When replying, please edit your Subject line so it is more specific
than "Re: Contents of Moses-support digest..."


Today's Topics:

1. Difference between lexical reordering and distortion? (Andrew)
2. Re: EMS MML IndexError: list index out of range (jian zhang)

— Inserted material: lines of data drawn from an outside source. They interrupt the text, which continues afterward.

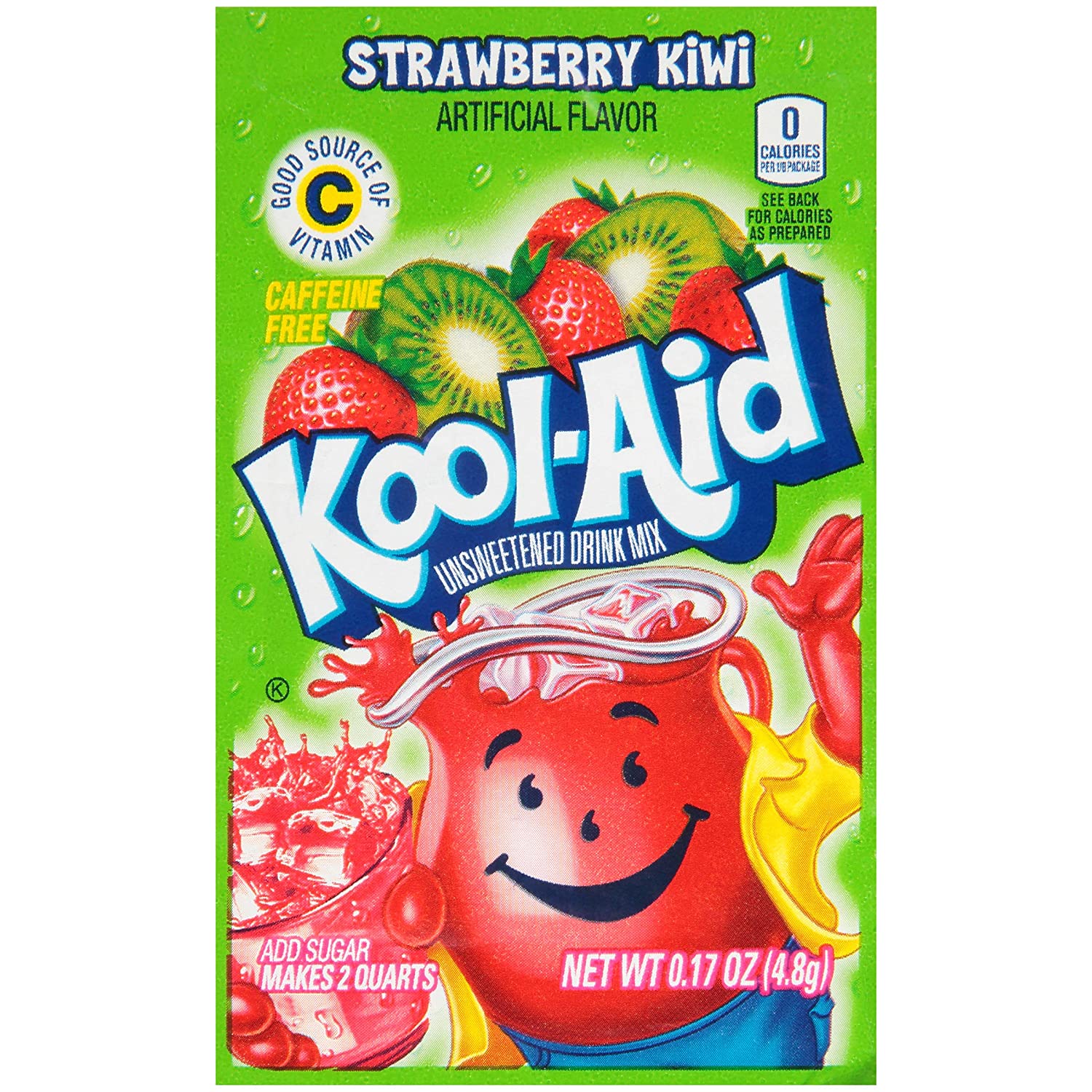 Lösliches Getränke Pulver mit Erdbeer-Kiwi Geschmack Unter der amerikanischen Marke Kool-Aid werden Mixgetränke verschiedener Geschmacksrichtungen vertrieben. Bei Kool-Aid Drink Mix Strawberry sorgt die Erdbeere für den richtigen Geschmack. Doch erhält man hier kein fertiges Getränk, sondern nur den Grundstoff dazu.
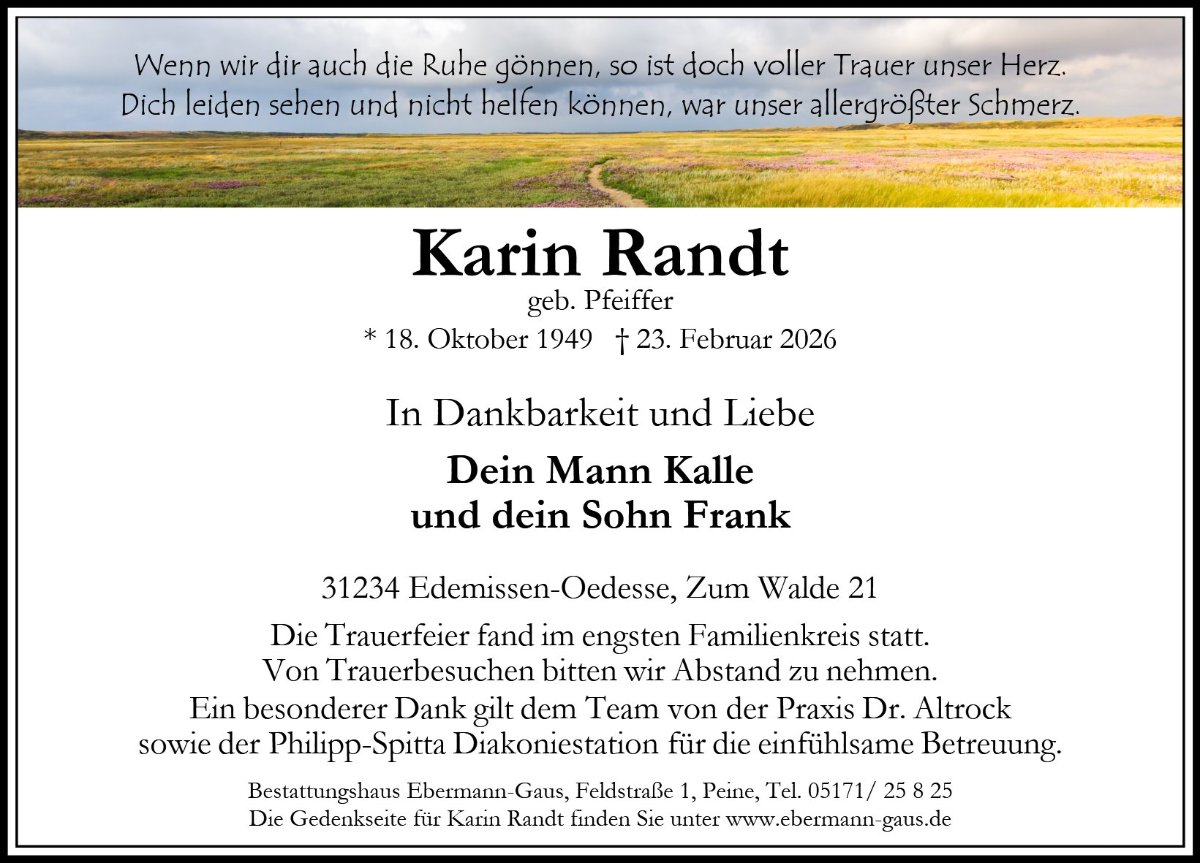 gestorben am 23. Februar 2026 in Edemissen-Oedesse
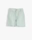 Adorable mint green and white striped linen shorts for baby boys, featuring a classic button closure, elasticated waistband at the back, and a clean tailored finish. Perfect for warm weather outings.
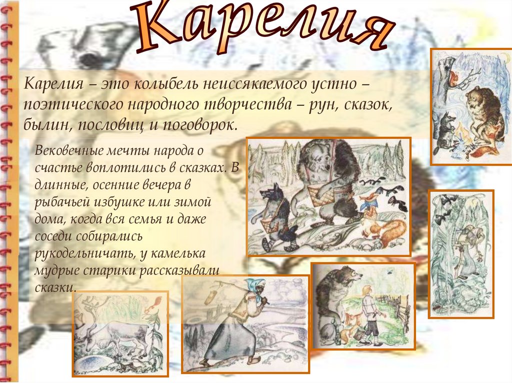 Карелия – это колыбель неиссякаемого устно –поэтического народного творчества – рун, сказок,
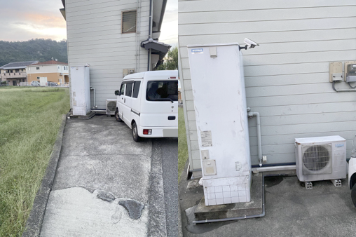 今回交換工事に訪れたのは、佐賀県伊万里市。佐賀県西部に位置し、穏やかな気候と海や山に囲まれた自然豊かな環境が特徴のエリアです。伊万里焼の産地としても知られています。交換工事のご依頼を頂いたE様のご自宅は、道路沿いに建つ広い間口の一軒家。家屋の裏には空き地が広がっています。エコキュートの設置場所は、車庫がある家屋脇のスペースです。
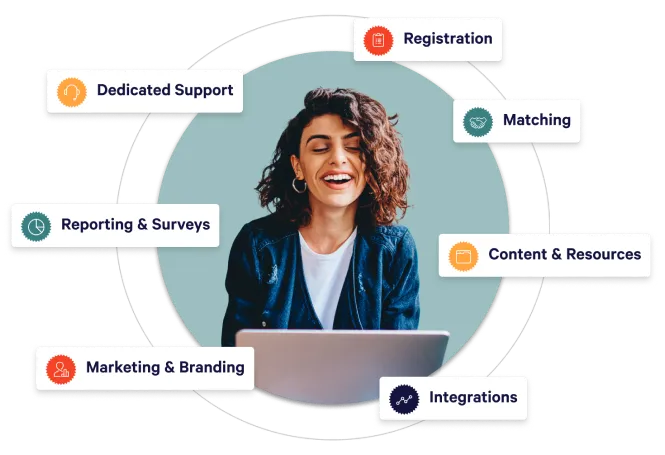 Tailored match types - Support for traditional mentorship, peer mentoring, groups, reverse, and random matching
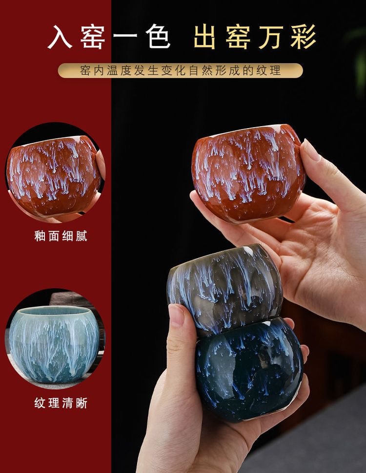 ティーカップを建てるシングル窯変ティーカップ主人シングルカップ純粋な手作り陶磁器茶碗工夫茶道具茗杯卸売り

----------------------------------------------------------------------

Message: 1
Date: Mon, 27 Jan 2014 05:04:05 +0900
From: Andrew <ravenyj@hotmail.com>
Subject: [Moses-support] Difference between lexical reordering and
distortion?
To: "moses-support@mit.edu" <moses-support@mit.edu>
Message-ID: <BLU171-W1EC296943B760F760B812B2A30@phx.gbl>
Content-Type: text/plain; charset="iso-2022-jp"

Hi,
in the tutorial (http://www.statmt.org/moses/?n=Moses.Tutorial),
distortion model is said to be responsible for the reordering of the input,
but in moses.ini file, there are separate weights for lexical reordering and distortion model.
So I was wondering how they are different.
Thank you in advance for your help.
-------------- next part --------------
An HTML attachment was scrubbed...
URL: http://mailman.mit.edu/mailman/private/moses-support/attachments/20140127/bb487783/attachment-0001.htm

------------------------------

Message: 2
Date: Mon, 27 Jan 2014 00:14:32 +0000
From: jian zhang <jianzhang09@gmail.com>
Subject: Re: [Moses-support] EMS MML IndexError: list index out of
range
To: Barry Haddow <bhaddow@staffmail.ed.ac.uk>
Cc: moses-support@mit.edu
Message-ID:
<CALA=z0C1tUaX6FOesEh8ZGh0pu+qhr51ZUPyD8Xd6H2+XCOhAg@mail.gmail.com>
Content-Type: text/plain; charset="iso-8859-1"

Hi Barry,

The domains.1 file contains correct line numbers, however, the file names
(news and other) are suspect.

My [CORPUS] has defined
[CORPUS:in]
clean-stem = $training-in-domain-corpus
[CORPUS:out]
clean-stem = $training-out-domain-corpus

and before it, there are

input-extension = fr
output-extension = en
$training-in-domain-corpus = /home/corpus/in-domain-fr-en/news.fr-en.tc.cl
$training-out-domain-corpus = /home/corpus/out-domain-fr-en/
other.fr-en.tc.cl

However, when running TRAINING_mml-score.1, first the $FILTER_DOMAIN loads
the filtering domain name and "out" is loaded (defined at
mml-filter-corpora = out), then checks the available domains from domains.1
file at the next while (<DOMAIN>) {...} loop, where news and other are
loaded. Since the domain names are not matched between available domains
and filtering domains and caused $DOMAIN_FILTERED{$line_number} is null all
the time. The result is subroutine check_sentence_filtered always returns
false and a sentence will be always in domain (score 99999).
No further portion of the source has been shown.